Response: As an indicator of the photocatalytic stability of F,O,S-codoped g-C₃N₄, its recyclability for the synthesis of 2-phenylbenzoxazole and 2-(2-hydroxyphenyl)benzimidazole was studied, confirming four recycle runs without significant loss of its photocatalytic activity. Please kindly note that, as per the request of another Reviewer, we have characterized the photocatalyst after five recycle runs, finding that two weak bands in the FTIR spectra of the catalyst decreased (see spectra below), both presumably associated with C-F bonds: the one at 639 cm^-1 (a wagging mode) and the one at 1027 cm^-1 (attributable to semi-ionic C-F_II bonds) [Xu et al. (2016), DOI:10.1021/acs.analchem.6b00115], thus suggesting some role of F-doping in the catalytic behavior. Nevertheless, no changes were observed in the XRPD pattern. We have clarified this in the FTIR results section. We believe that the observed photochemical stability should be ascribed to the preferred mediation of •O^2– radicals, in line with the findings of other authors, such as Xiao et al., 2020 (DOI: 10.1021/acs.accounts.9b00624), who reported that the mediation of these radicals did not introduce any instability for a g-C₃N₄ type catalyst. This point has also been clarified in the revised text, in which we have added the following sentence after Figure 8: “The predominance of •O^2– radicals (with a negligible intervention of •OH radicals) would contribute to the preservation of the stability of the F,O,S-doped g-C₃N₄ catalyst: as noted by Xiao et al., 2020 (DOI: 10.1021/acs.accounts.9b00624), the mediation of these radicals does not introduce any instability for a g-C₃N₄ type catalyst.”

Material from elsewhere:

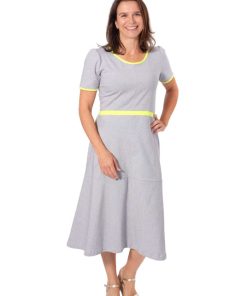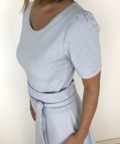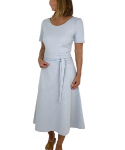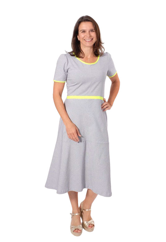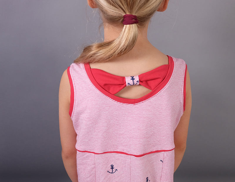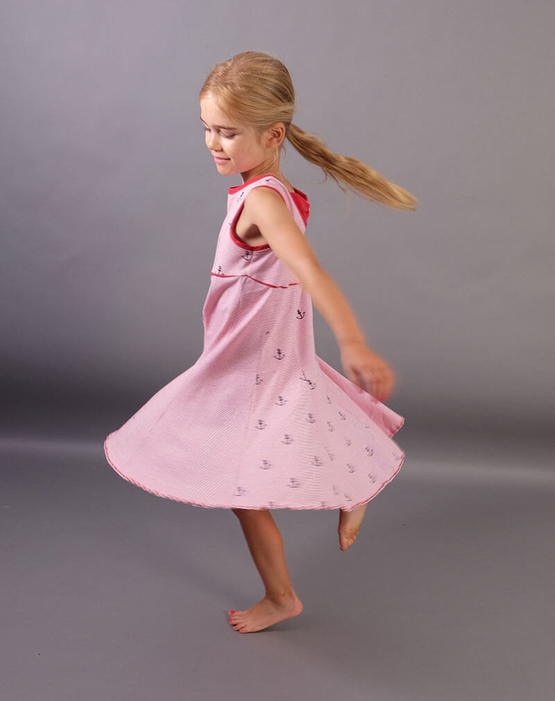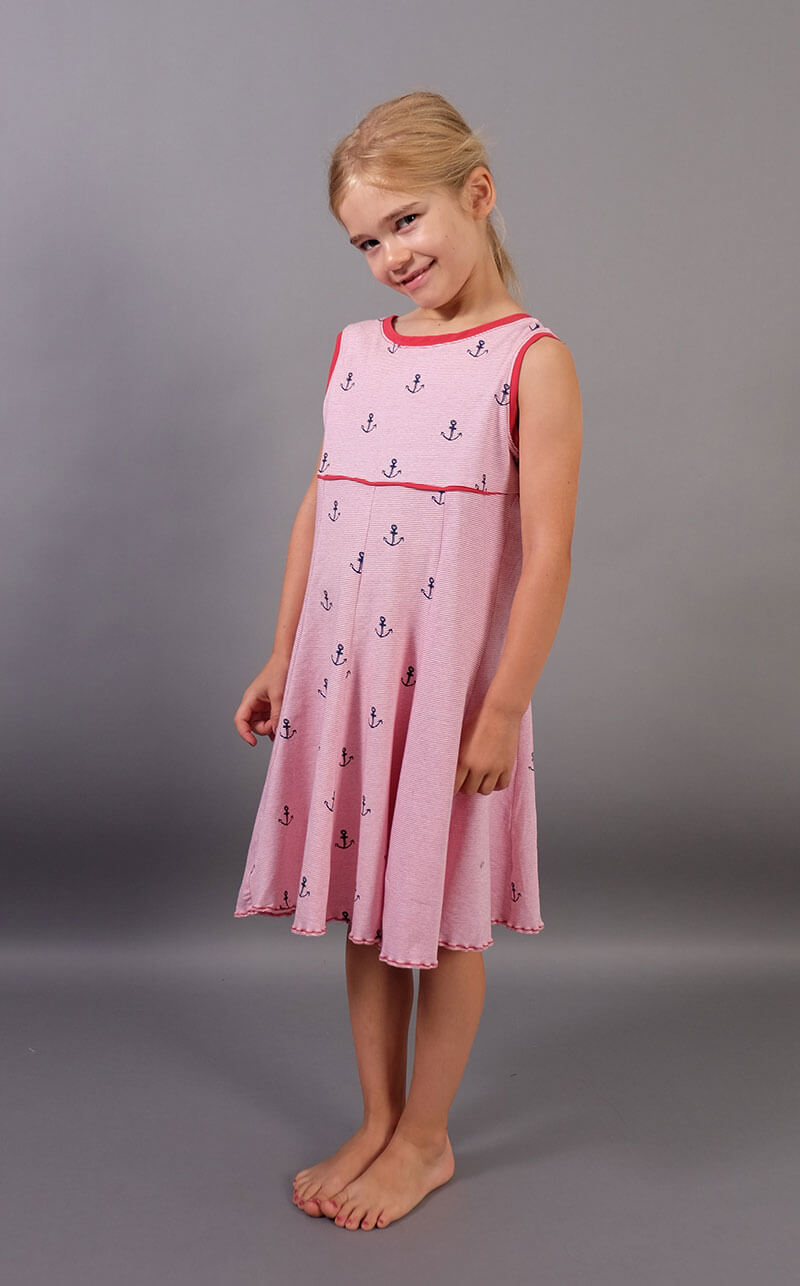 Ein hochwertiger Jersey mit rot-weißen Streifen, die je 2 mm breit sind. Es gibt hier noch weitere Stoffe aus dieser Serie, die man wunderschön miteinander kombinieren kann. Das Material ist ideal für Shirts, Kleider Hosen, Pumphosen und Oberteile. Schnittmuster Damenkleid Santina in anderer Farbstellung mit feinen Streifen hellblau / Weiß. Abbildung Schnittmuster Kinderkleid Ruby in Rot.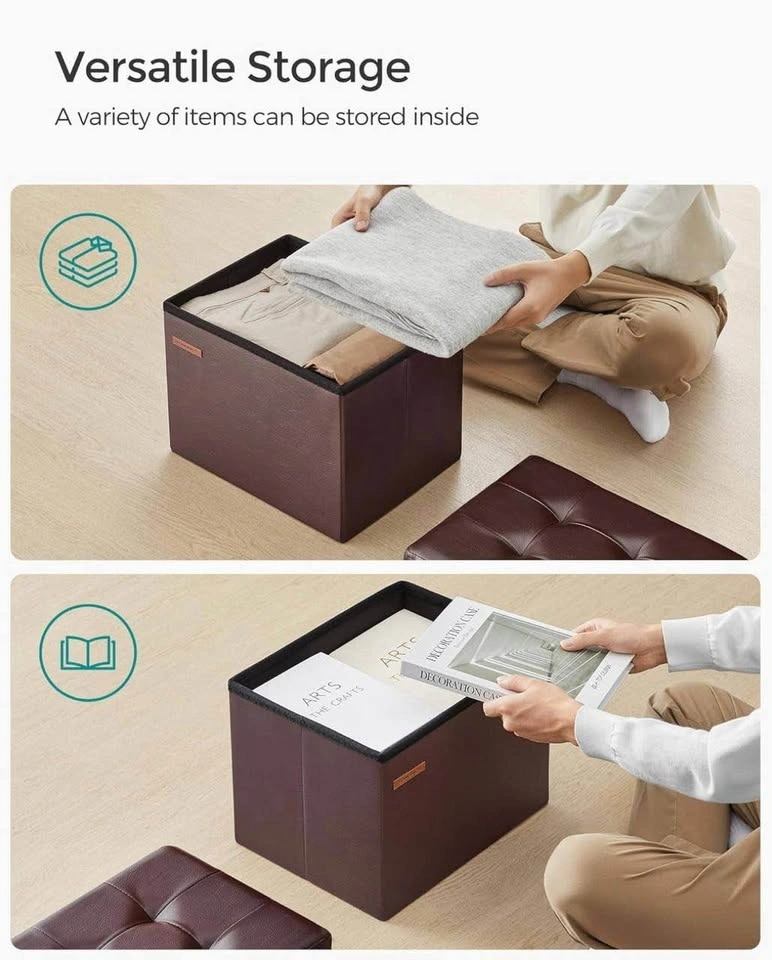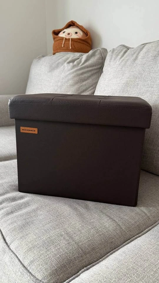 Add style, comfort, and smart storage to your space! This SONGMICS small folding storage ottoman is brand new, never used and perfect as a footrest, extra seat, or hidden storage solution.

Q7. What are the photocatalytic mechanisms?

Response: The hypothesized photocatalytic mechanism was described in a paragraph (lines 279-287) and in Figure 8, but we agree with the reviewer on the advisability of expanding it with additional details, as follows: “Under visible light irradiation, F,O,S-doped g-C₃N₄ absorbs photons and electron-hole pairs are generated. The photogenerated holes (h⁺) in the valence band of the catalyst do not have the ability to oxidize water to hydroxyl radicals (•OH) (because the oxidation potential is not sufficient for the oxidation of H₂O), but the photogenerated electrons (e^-) in the conduction band of F,O,S-codoped g-C₃N₄ would be able to reduce the molecular oxygen to form reactive superoxide radical ions (•O²⁻) [Kobkeatthawin et al. DOI: 10.3390/catal12020120]. Based on this feature […]”

Q8. A comparison on photocatalytic activity of the as-obtained typical sample should be made with those of the related samples reported in the literature.

Response: In the reviewed version, references to DOI:10.1016/j.jmst.2020.03.033, 10.1016/j.matlet.2021.130068, 10.1021/acs.accounts.9b00624, 10.1016/j.carbon.2020.07.053, 10.3390/catal12020120, and 10.4028/www.scientific.net/AMM.889.24 have been included, for comparison purposes.

Q9. There are some inappropriate English words or expressions in the manuscript. The authors should carefully polish the English of the whole manuscript.

Response: Since no specific errors were indicated by the Reviewer, we have revised the use of the English language throughout the ms. and double-checked it with GrammarlyPro and Writefull.

Round 2

Reviewer 2 Report

After carefully checked the responses and modifications of the revised manuscript, I think that the authors have properly modified their manuscript according to the Reviewers' comments, and it is now acceptable for publication.